User-agent: ChatGPT-User
Disallow: /

#Example robots.txt Configurations

TXT
User-agent: *
Allow: /

# Explicitly allow AI crawlers
User-agent: GPTBot
Allow: /

User-agent: ChatGPT-User
Allow: /

User-agent: Amazonbot
Allow: /

User-agent: ClaudeBot
Allow: /

User-agent: PerplexityBot
Allow: /

User-agent: Bytespider
Allow: /

# Block paths that should not be crawled
User-agent: *
Disallow: /admin
Disallow: /cart
Disallow: /checkout
Disallow: /account

Sitemap: https://your-store.com/sitemap.xml

#Selective: Allow AI Crawlers Only on Product Pages

If you want AI agents to access your product pages but not the rest of your site:

TXT
User-agent: GPTBot
Allow: /products/
Allow: /collections/
Disallow: /

User-agent: ChatGPT-User
Allow: /products/
Allow: /collections/
Disallow: /

This approach gives you more control but limits AI agents' ability to understand your full site context.

TXT
User-agent: GPTBot
Disallow: /

User-agent: ChatGPT-User
Disallow: /

This keeps AI agents out entirely. Unless you have a specific legal or competitive reason to block AI crawlers, this hurts your discoverability.

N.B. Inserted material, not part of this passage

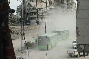 জাতিসংঘের তত্ত্বাবধানে সিরিয়ার সরকারের পক্ষ থেকে দেয়া সবুজ বাসের বহরে চড়ে বিদ্রোহীরা হোমস ত্যাগ করে।
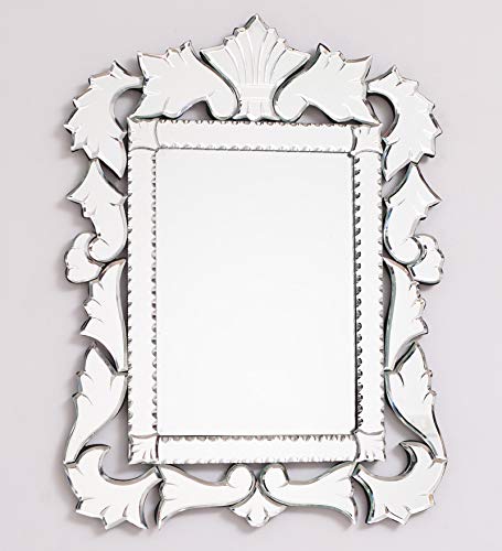 Venetian mirror fine engraved accents, the mirror is in overall good condition, just a darkened area in one of the side sections as shown in the photo, and a usual age spot here and there in the mirror glass.

#Platform Defaults You Should Know About

#Shopify

Shopify generates a robots.txt automatically that you cannot directly edit as a file. However, Shopify's defaults are generally AI-friendly — they allow most crawlers. You can customize the robots.txt behavior through your theme's robots.txt.liquid template.

Key Shopify default behaviors:

  • Most crawlers are allowed by default
  • Admin, checkout, and cart paths are blocked
  • Product and collection pages are accessible

To check if your Shopify store is blocking AI crawlers, visit your store's robots.txt URL directly or scan it with UCPReady.ai.

#WooCommerce

WooCommerce (WordPress) gives you full control over robots.txt, either through the Settings > Reading panel or by placing a physical robots.txt file in your WordPress root directory.

Watch out for these common WooCommerce issues:

  • Security plugins like Wordfence or Sucuri may add rules that block AI crawlers
  • SEO plugins like Yoast may add robots.txt rules you are not aware of
  • Hosting-level blocks — some WordPress hosts add server-level bot blocking that overrides your robots.txt

#BigCommerce, Wix, and Other Platforms

Most hosted platforms generate robots.txt automatically with limited customization. Check your platform's documentation for how to modify crawler access. If you cannot edit robots.txt directly, check if there is a setting in your platform's SEO or security configuration.

#The Bottom Line

Your robots.txt file is a gatekeeper. In the AI shopping era, the default should be to allow AI crawlers unless you have a specific reason not to. Every major AI shopping platform respects robots.txt, which means a few lines of misconfiguration can make your entire product catalog invisible to millions of potential customers using AI assistants.